╭─ Information shown

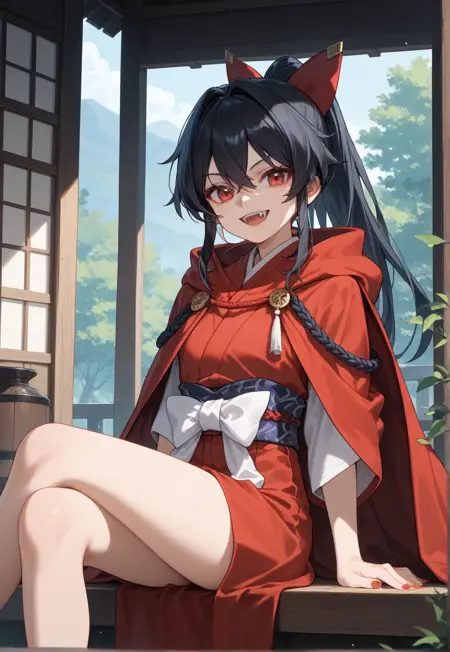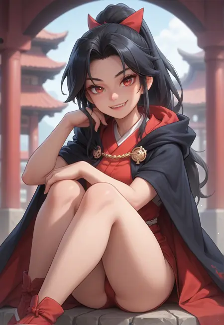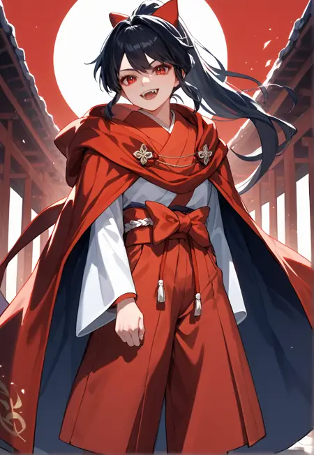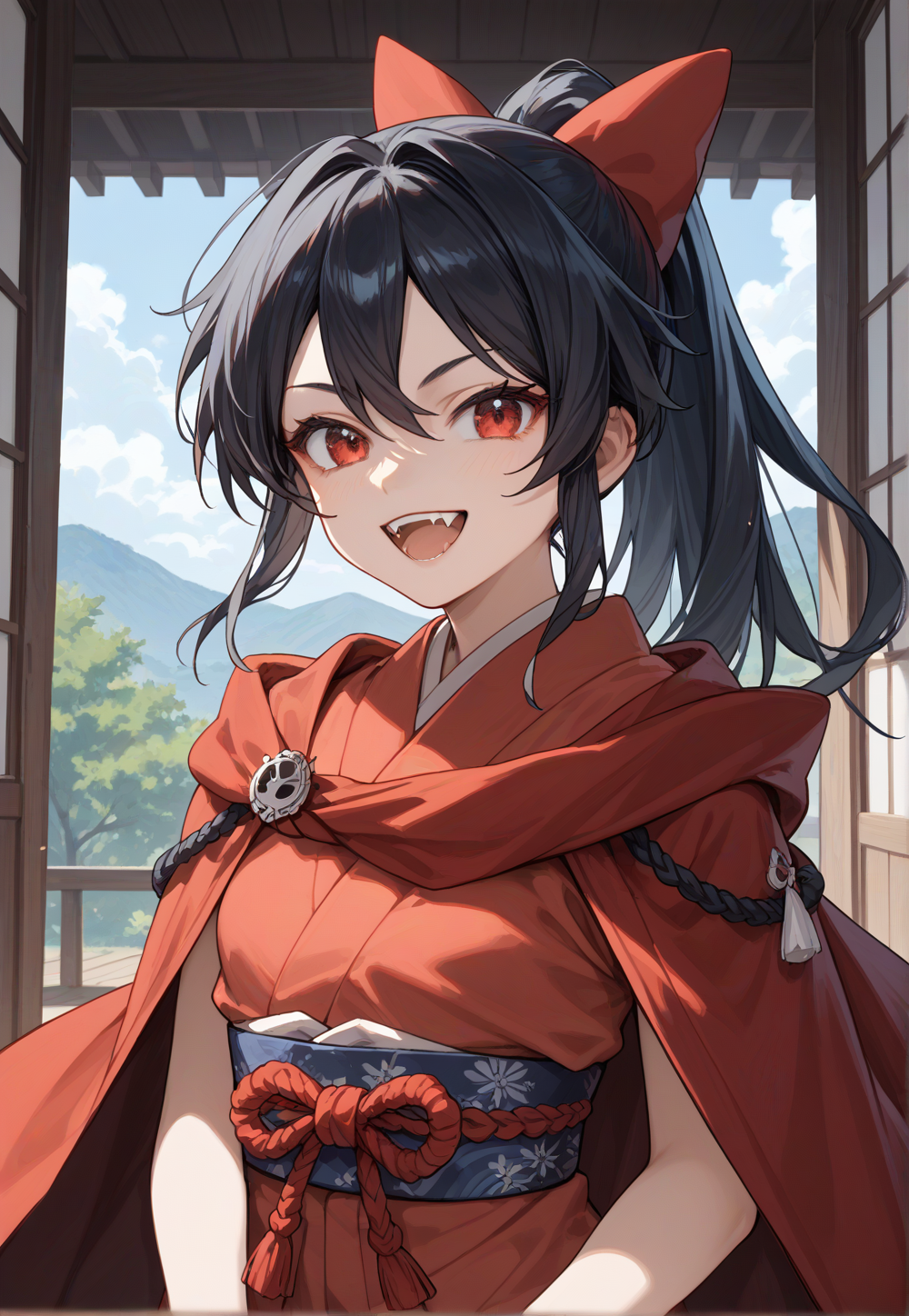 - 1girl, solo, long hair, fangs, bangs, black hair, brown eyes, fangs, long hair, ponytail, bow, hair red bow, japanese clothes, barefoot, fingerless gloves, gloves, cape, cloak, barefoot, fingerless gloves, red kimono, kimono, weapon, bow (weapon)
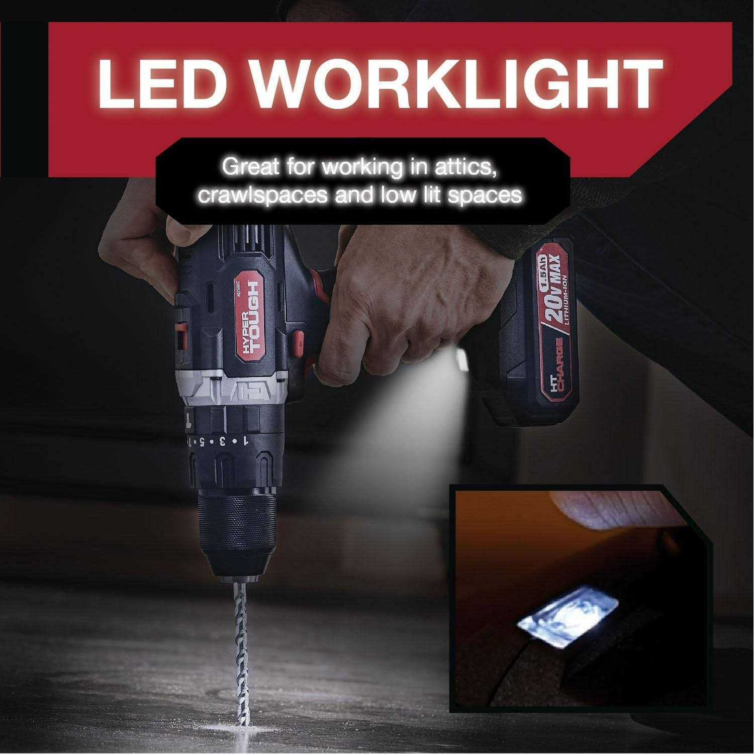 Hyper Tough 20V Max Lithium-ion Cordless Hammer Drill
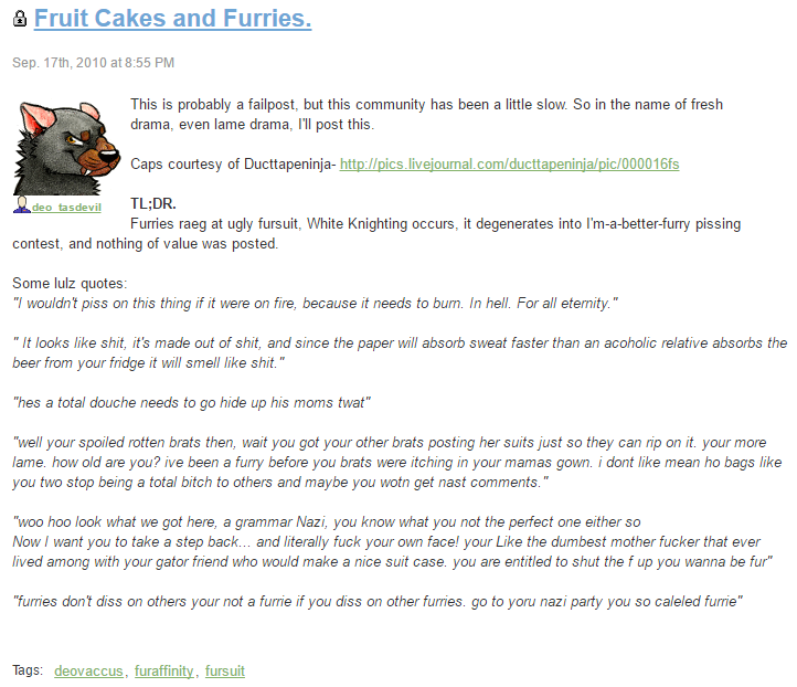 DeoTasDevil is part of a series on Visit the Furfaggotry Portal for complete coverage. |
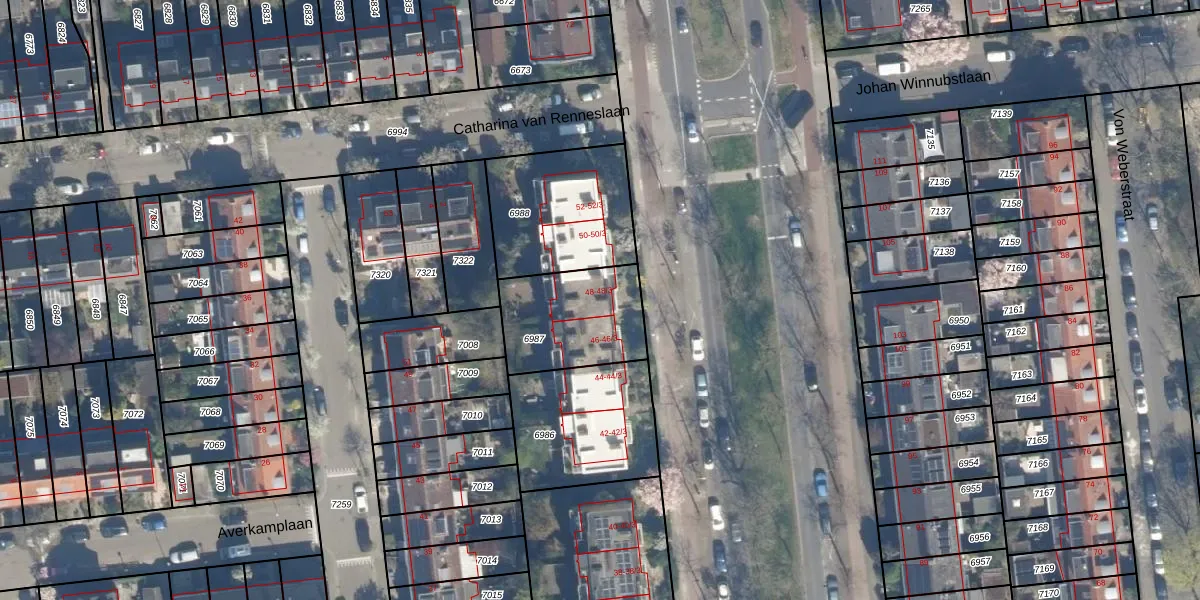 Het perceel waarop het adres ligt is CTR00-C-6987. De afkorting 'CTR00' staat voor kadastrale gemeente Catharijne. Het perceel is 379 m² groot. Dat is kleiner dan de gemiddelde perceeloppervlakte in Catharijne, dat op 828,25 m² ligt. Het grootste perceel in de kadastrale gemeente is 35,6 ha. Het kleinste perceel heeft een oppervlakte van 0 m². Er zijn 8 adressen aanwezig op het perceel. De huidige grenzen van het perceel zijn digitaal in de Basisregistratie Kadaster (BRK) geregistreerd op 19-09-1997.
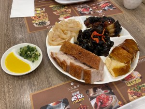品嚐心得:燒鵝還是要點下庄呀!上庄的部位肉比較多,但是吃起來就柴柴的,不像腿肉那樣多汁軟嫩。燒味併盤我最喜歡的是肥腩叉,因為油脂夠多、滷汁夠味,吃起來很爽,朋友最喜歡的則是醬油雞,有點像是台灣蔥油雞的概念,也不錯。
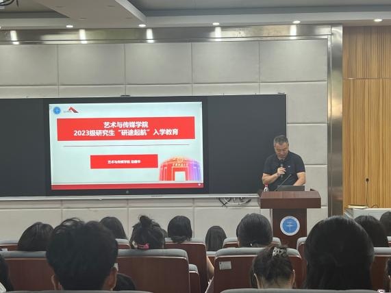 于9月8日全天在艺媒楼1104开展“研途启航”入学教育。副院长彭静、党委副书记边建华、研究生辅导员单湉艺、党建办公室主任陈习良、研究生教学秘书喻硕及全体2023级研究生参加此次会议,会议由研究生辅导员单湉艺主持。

╰─

Exercise brief –
Make an exact copy of the lines of the records from the line containing "品嚐心得:燒鵝還是要點下庄呀" through the final line, both ends included, but not of the pictures.

Completed exercise –
品嚐心得:燒鵝還是要點下庄呀!上庄的部位肉比較多,但是吃起來就柴柴的,不像腿肉那樣多汁軟嫩。燒味併盤我最喜歡的是肥腩叉,因為油脂夠多、滷汁夠味,吃起來很爽,朋友最喜歡的則是醬油雞,有點像是台灣蔥油雞的概念,也不錯。
 于9月8日全天在艺媒楼1104开展“研途启航”入学教育。副院长彭静、党委副书记边建华、研究生辅导员单湉艺、党建办公室主任陈习良、研究生教学秘书喻硕及全体2023级研究生参加此次会议,会议由研究生辅导员单湉艺主持。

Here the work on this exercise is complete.